Extracted entries
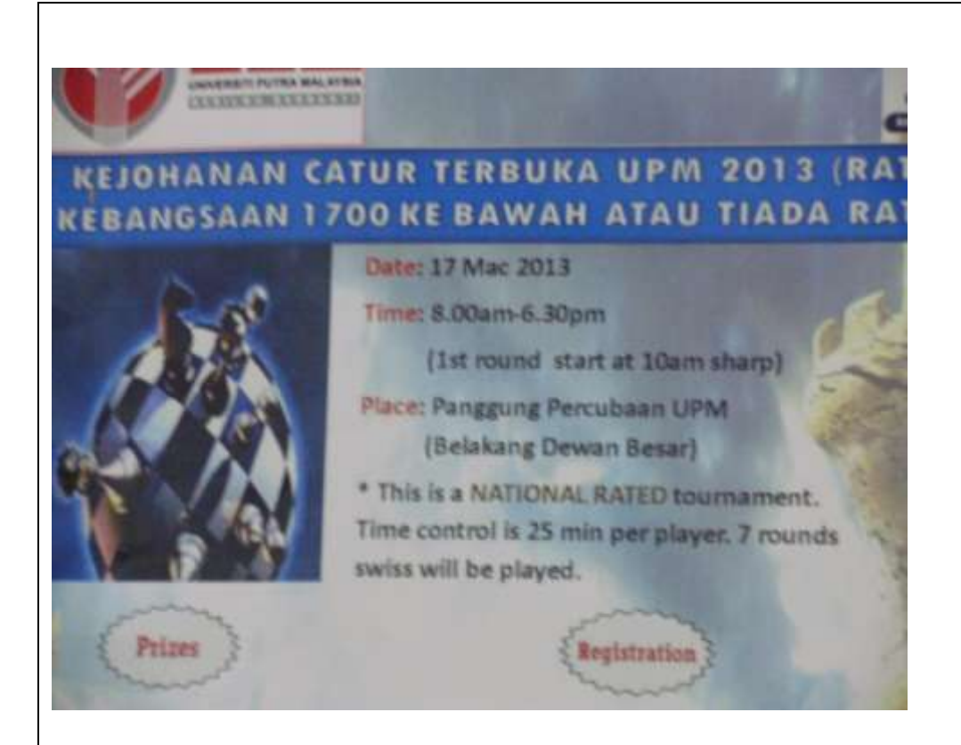
Universiti Putra Malaysia Open Chess Championship 2013
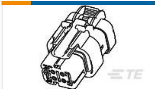
TE Part #776524-4 AS 16, 4P PLUG ASSY, RD, KEY 4
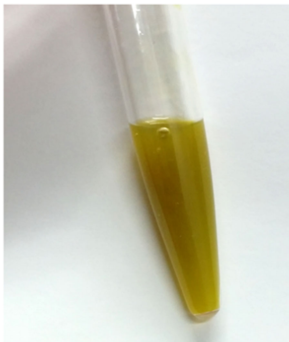
Fig. 2 Diagnostic paracentesis demonstrated ascites with a dark yellow-green color

defects which are considered as gallstones in the common bile duct, and there was no evidence of biliary leakage and pancreaticobiliary maljunction (Fig. 3). Endoscopic retrograde biliary drainage (ERBD) was performed using a plastic stent to reduce the pressure of the common bile duct.
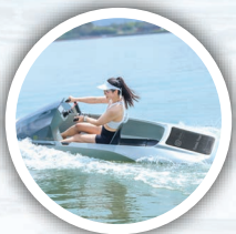
eWave Single AED 1,200 / 30 Min AED 2,200 / 60 Min

The task
Your answer must be the records above, word for word, with every picture left out.

Solution to the problem
Universiti Putra Malaysia Open Chess Championship 2013
TE Part #776524-4 AS 16, 4P PLUG ASSY, RD, KEY 4
Fig. 2 Diagnostic paracentesis demonstrated ascites with a dark yellow-green color

defects which are considered as gallstones in the common bile duct, and there was no evidence of biliary leakage and pancreaticobiliary maljunction (Fig. 3). Endoscopic retrograde biliary drainage (ERBD) was performed using a plastic stent to reduce the pressure of the common bile duct.
eWave Single AED 1,200 / 30 Min AED 2,200 / 60 Min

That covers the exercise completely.